#### Exercise prompt:
The whole listing that follows is to be restated word for word, images excluded.

#### Collected material:
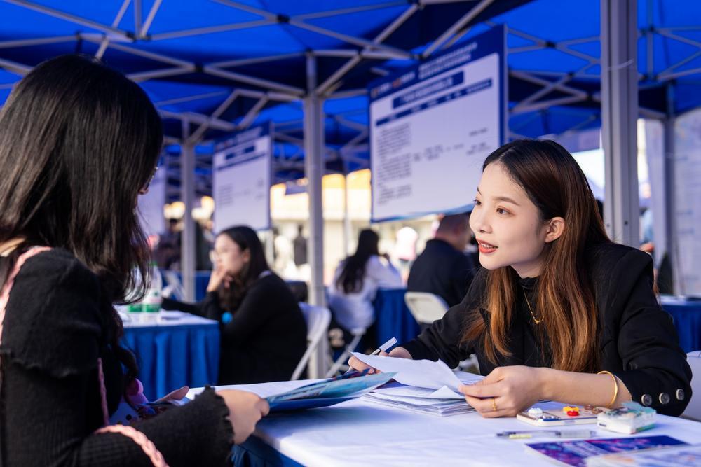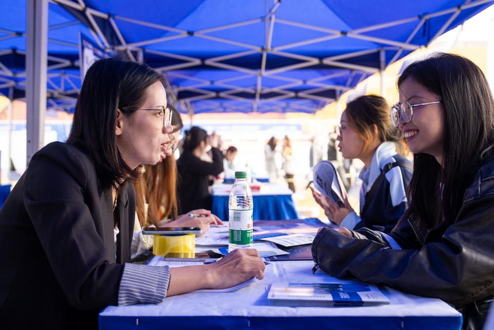 (10月29日,在安博在线注册天健体育场,企业招聘人员(左)向求职学生介绍岗位信息。)
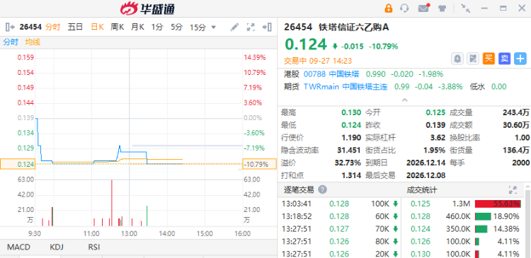 个股方面,大市升势全面,个别蓝筹股升幅更达双位数,部份资金转吼走势落后的股份,包括中国铁塔 $00788.HK ,股价曾逆市向下,跌近3%,于“蚊股”及“毫子股”之间上落。即市资金吼位追入相关好仓,可以留意铁塔认购证 $26454.HK ,行使价1.19港元,属于长年期的选择,2026年年底才到期,但亦能提供约3.5倍的实际槓杆。
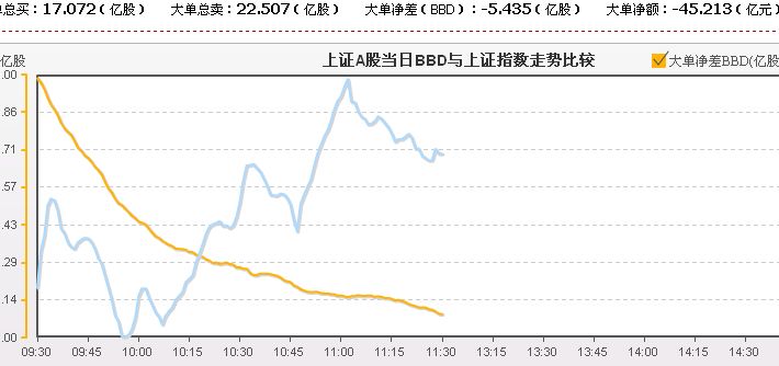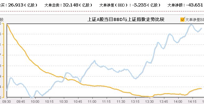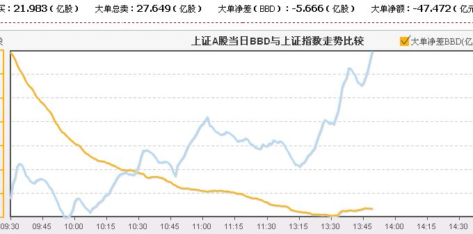 从大盘BBD指标来看,大单净差为-5.4亿股(上一交易日中午为-3亿股),净额为-45亿元(上一交易日中午为-40亿元)。今天股指受利空影响,股指大幅低开,后缓步反弹,不过大单资金仍未出现回流迹象,操作上仍谨慎为宜。
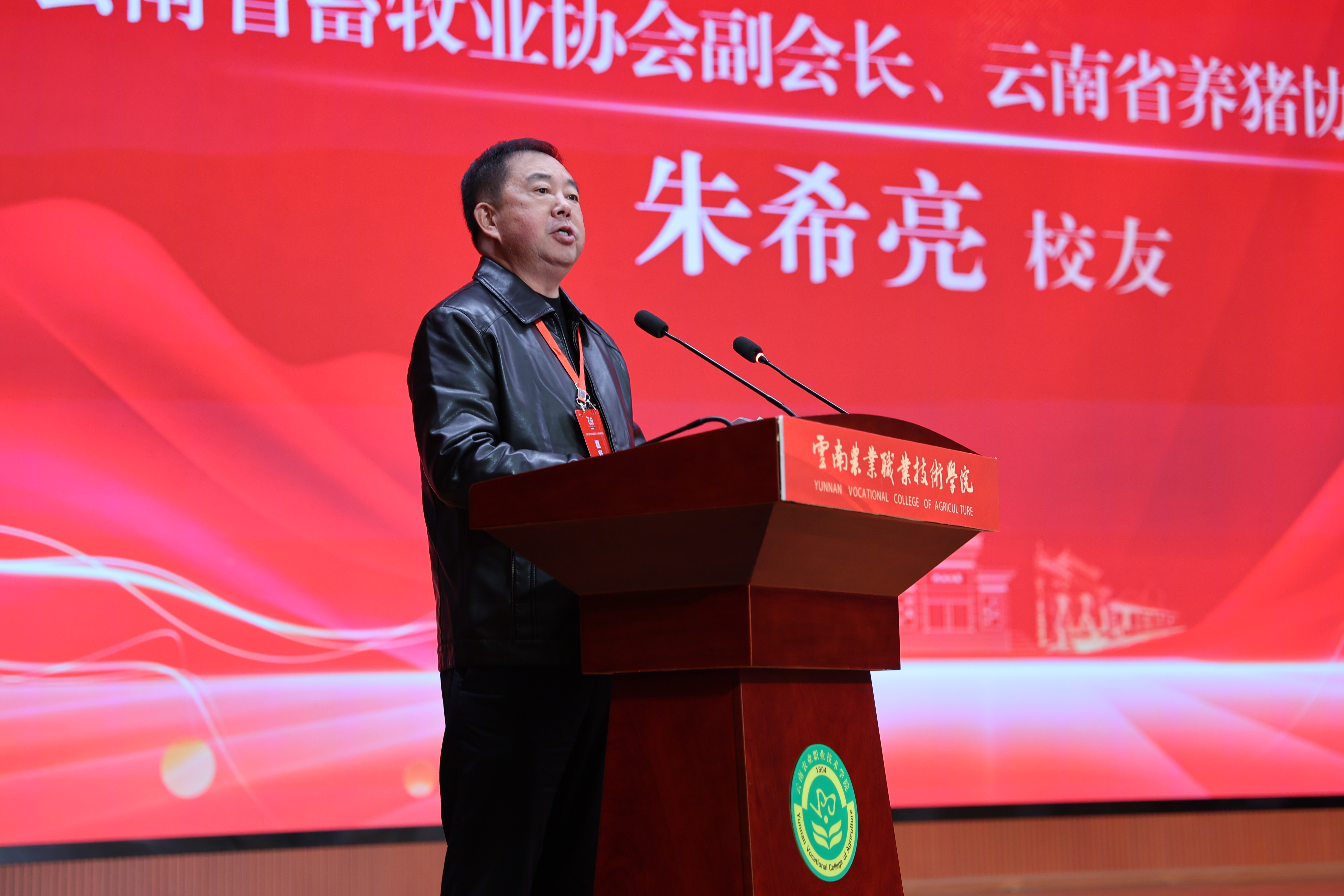 校友代表、云南省畜牧业协会副会长、云南省养猪协会副会长朱希亮发言,他表示,母校永远是最珍贵的青春记忆,学校艰苦奋斗、实事求是的精神赋予我们勇敢、乐观的人生底色。对于学校取得的成就,作为校友倍感自豪。祝愿母校明天更美好,再创辉煌、再展宏图!

#### Written answer:
 (10月29日,在安博在线注册天健体育场,企业招聘人员(左)向求职学生介绍岗位信息。)
 个股方面,大市升势全面,个别蓝筹股升幅更达双位数,部份资金转吼走势落后的股份,包括中国铁塔 $00788.HK ,股价曾逆市向下,跌近3%,于“蚊股”及“毫子股”之间上落。即市资金吼位追入相关好仓,可以留意铁塔认购证 $26454.HK ,行使价1.19港元,属于长年期的选择,2026年年底才到期,但亦能提供约3.5倍的实际槓杆。
 从大盘BBD指标来看,大单净差为-5.4亿股(上一交易日中午为-3亿股),净额为-45亿元(上一交易日中午为-40亿元)。今天股指受利空影响,股指大幅低开,后缓步反弹,不过大单资金仍未出现回流迹象,操作上仍谨慎为宜。
 校友代表、云南省畜牧业协会副会长、云南省养猪协会副会长朱希亮发言,他表示,母校永远是最珍贵的青春记忆,学校艰苦奋斗、实事求是的精神赋予我们勇敢、乐观的人生底色。对于学校取得的成就,作为校友倍感自豪。祝愿母校明天更美好,再创辉煌、再展宏图!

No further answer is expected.